--- Exercise instructions ---
Beneath this instruction is a block of data; output from it exactly the lines that run from the one containing "Но эксперимент не" through the one containing "下田市にある「龍宮窟(りゅぐ", inclusive.

Data entries

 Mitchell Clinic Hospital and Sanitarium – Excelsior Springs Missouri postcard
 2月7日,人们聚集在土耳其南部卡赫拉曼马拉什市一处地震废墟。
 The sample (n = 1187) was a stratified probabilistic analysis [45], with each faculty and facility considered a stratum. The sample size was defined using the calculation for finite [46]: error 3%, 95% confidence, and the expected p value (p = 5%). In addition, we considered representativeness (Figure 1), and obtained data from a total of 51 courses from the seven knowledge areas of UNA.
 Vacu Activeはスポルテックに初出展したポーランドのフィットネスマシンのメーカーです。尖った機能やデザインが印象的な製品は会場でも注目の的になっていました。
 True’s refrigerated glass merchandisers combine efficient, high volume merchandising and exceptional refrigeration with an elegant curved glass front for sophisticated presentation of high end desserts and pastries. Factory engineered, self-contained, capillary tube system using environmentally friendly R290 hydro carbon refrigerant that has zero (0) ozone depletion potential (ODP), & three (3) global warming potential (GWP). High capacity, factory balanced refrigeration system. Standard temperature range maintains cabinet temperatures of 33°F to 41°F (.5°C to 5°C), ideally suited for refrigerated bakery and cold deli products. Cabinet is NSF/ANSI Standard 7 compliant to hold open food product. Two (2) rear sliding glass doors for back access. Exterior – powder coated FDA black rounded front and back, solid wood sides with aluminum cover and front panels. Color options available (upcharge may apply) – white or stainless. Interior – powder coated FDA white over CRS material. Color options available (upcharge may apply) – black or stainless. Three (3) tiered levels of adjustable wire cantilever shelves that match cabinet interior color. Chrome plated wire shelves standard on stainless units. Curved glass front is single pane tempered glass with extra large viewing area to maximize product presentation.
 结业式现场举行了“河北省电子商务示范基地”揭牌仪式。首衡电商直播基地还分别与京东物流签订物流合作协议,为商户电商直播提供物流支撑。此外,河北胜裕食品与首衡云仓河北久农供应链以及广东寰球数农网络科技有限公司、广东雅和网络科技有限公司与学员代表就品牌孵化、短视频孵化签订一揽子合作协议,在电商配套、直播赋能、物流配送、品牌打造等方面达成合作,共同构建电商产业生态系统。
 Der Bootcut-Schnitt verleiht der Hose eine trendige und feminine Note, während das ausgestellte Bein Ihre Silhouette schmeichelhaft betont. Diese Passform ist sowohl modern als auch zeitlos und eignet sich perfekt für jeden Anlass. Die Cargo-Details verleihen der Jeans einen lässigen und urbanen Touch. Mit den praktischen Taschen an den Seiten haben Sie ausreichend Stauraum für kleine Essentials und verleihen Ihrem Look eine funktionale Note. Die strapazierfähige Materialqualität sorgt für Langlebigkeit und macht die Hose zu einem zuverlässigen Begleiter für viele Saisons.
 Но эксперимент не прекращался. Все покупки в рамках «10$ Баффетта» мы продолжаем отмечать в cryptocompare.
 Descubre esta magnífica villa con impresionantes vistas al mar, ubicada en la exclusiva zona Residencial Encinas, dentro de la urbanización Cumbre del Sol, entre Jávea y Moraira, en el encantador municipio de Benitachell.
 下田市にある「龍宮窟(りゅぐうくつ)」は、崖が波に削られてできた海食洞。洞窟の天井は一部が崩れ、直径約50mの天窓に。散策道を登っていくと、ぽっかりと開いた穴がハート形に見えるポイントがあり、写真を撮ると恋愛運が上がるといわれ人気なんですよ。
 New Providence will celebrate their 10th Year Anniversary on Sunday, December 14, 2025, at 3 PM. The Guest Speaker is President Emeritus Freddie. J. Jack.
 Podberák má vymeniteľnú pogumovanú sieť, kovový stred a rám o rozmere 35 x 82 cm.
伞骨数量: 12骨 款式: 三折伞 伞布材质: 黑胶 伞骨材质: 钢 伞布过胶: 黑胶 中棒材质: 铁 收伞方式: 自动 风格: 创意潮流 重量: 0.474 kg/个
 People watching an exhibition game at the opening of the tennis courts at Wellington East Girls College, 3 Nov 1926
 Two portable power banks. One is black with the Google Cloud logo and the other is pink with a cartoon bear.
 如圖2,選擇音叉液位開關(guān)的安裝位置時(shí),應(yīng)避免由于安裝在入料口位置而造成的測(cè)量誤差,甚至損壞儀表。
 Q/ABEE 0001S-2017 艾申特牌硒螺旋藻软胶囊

--- Task answer ---
 Но эксперимент не прекращался. Все покупки в рамках «10$ Баффетта» мы продолжаем отмечать в cryptocompare.
 Descubre esta magnífica villa con impresionantes vistas al mar, ubicada en la exclusiva zona Residencial Encinas, dentro de la urbanización Cumbre del Sol, entre Jávea y Moraira, en el encantador municipio de Benitachell.
 下田市にある「龍宮窟(りゅぐうくつ)」は、崖が波に削られてできた海食洞。洞窟の天井は一部が崩れ、直径約50mの天窓に。散策道を登っていくと、ぽっかりと開いた穴がハート形に見えるポイントがあり、写真を撮ると恋愛運が上がるといわれ人気なんですよ。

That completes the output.